Clean Power Plan is Unconstitutional, Harvard Law Professor Argues

Published December 8, 2016

Harvard Law School professor Laurence Tribe, one of the professors who taught President Barack Obama while he attended law school and author of a widely used text on constitutional law, is serving on the legal team fighting to block the Obama administration’s Clean Power Plan (CPP).

The U.S. Supreme Court issued a stay of the CPP on February 9, 2016, delivering a temporary victory to 27 states, multiple companies, and industry groups who sued to halt the rules by arguing they are unconstitutional and unnecessarily costly. The CPP forces states to cut carbon-dioxide emissions from new and existing power plants by approximately 32 percent below 2005 levels by 2030.

In September 27, 2016, arguments before the Washington, DC Circuit Court of Appeals, Tribe, representing Peabody Energy, cited his brief on the constitutionality of the CPP published in Harvard Law Today in 2015, in which he wrote CPP is not authorized by the Clean Air Act and is unconstitutional because it violates the division of authority between the states and the federal government and Fifth Amendment property rights and due process provisions.

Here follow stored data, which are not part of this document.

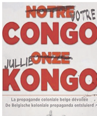
L'affiche de l'exposition

L'exposition se tient du 23 janvier au 13 février au centre culturel Escale du Nord d'Anderlecht dans le cadre du festival « Devoir de Mémoire- colonisation belge du Congo, entre hier et aujourd'hui ».
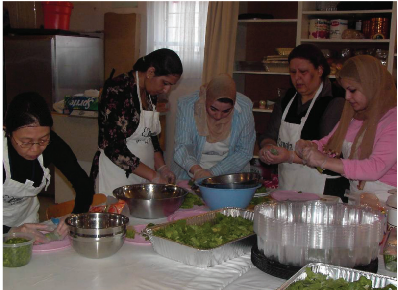
Women working in the kitchen at EthniCity Catering enhance English language skills while gaining Canadian work experience.
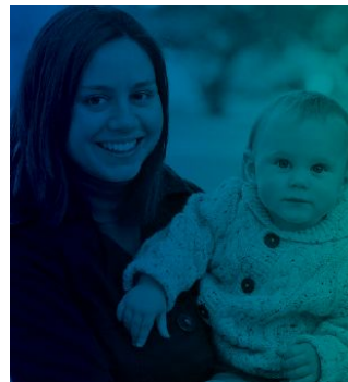
DESPUÉS DE DAR A LUZ

When contacted by Environment & Climate News for comment, Tribe declined because the litigation is still pending.

Argues 10th Amendment Violation

Attorney Michael Nasi, a partner in the law firm Jackson Walker and general counsel for the Balanced Energy for Texas, says CPP violates the 10th Amendment to the Constitution, which reserves to the states or the people all powers not explicitly granted to the federal government.

“We clearly have Tenth Amendment issues here,” Nasi said. “I have never seen an environmental regulatory set of provisions that are so coercive.

“The [Clean Power Plan] is set up to force states to create enforceable plans, plans that the Environmental Protection Agency, without states’ capitulation or submission, cannot enforce itself,” said Nasi. “In my career, that has never happened in the environmental jurisprudence.”

Michael McGrady ([email protected]writes from Colorado Springs, Colorado.